Filmmaker: As an editor, how did you come up in the business, and what influences have affected your work?

Neergaard-Holm: I basically started working on feature films the day I finished film school. One project just seemed always to lead to another based on people I had worked with or friends who recommended me. I started film school quite late, as I had tried out university first, studying film and media. But the academic approach didn’t suit me well, and I attended film school in 2009 ,which is predominantly practical. I was 28 when I started, so in a way I felt like my life experience and network always helped me to get where I got. I can’t really say I’ve had any specific influences, but my mentor Adam Nielsen, one of Denmark’s best editors, has always inspired me to take artistic ownership and shape the material uncompromisingly into an emotionally gripping story.

Filmmaker: What editing system did you use, and why?

Neergaard-Holm: Avid. Because its just the best for trimming and timeline control.

Filmmaker: What was the most difficult scene to cut and why? And how did you do it?

Neergaard-Holm: Okay, thats a tough one. Editing processes in general are quite difficult, and every time the challenges are new. I feel that editing scenes are never really an issue. You can easily put something together like a monkey. It’s how it fits into the overall arc, story, rhythm and style of the film. I can’t really single out one scene as it’s mostly linked to the process more than the scene itself. Or I just forget how hard it was once I’m on another project.

Filmmaker: What role did VFX work, or compositing, or other post-production techniques play in terms of the final edit?

Neergaard-Holm: We do have a handful of VFX in this film, most of it I was able to do a temp of in Avid by use of plates. It was easy in this film because there is no movement in the camera.

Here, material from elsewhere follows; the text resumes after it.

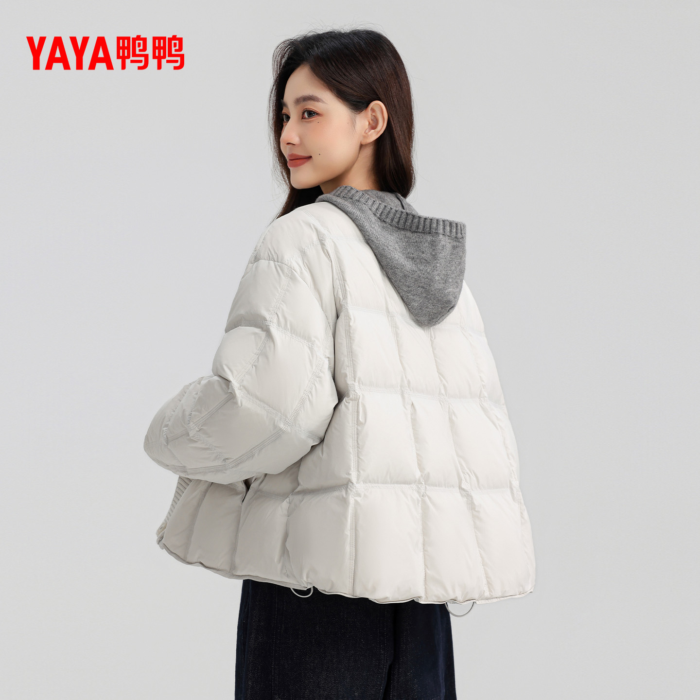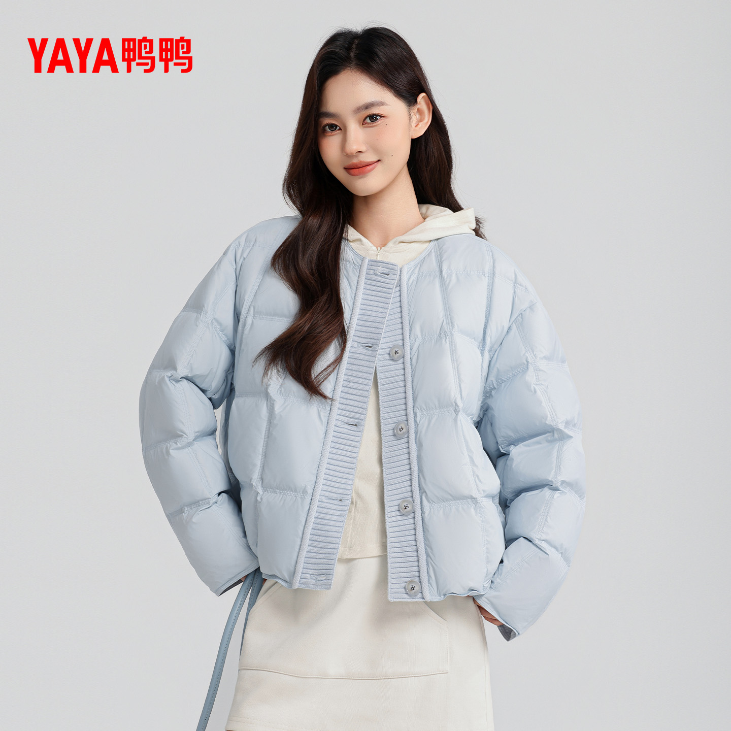 鸭鸭羽绒服女2025冬季新款短款圆领时尚休闲百搭保暖鸭绒厚外套F

And then the VFX supervisor Peter Hjort would come in and make it look really good.

Filmmaker: Finally, now that the process is over, what new meanings has the film taken on for you? What did you discover in the footage that you might not have seen initially, and how does your final understanding of the film differ from the understanding that you began with?

Neergaard-Holm: I think initially when I worked on the film I was quite challenged by “the weakness” of the female main character. I found it very hard to see myself in her aspiration for wealth and status through a dominating and abusive man – as I saw them as choices. Why not leave, get a job, do your own thing? I sometimes thought “Is this really 2016 and we’re still telling the story of a woman who can’t exist without a man? But Isabella kept saying to me “Those are not choices. She’s desperate.” So I started realizing my privilege as an educated, independent woman and a lesbian, and how important this subject actually is. And when the #MeToo movement broke out I was like, “OK! Now I fucking get it.”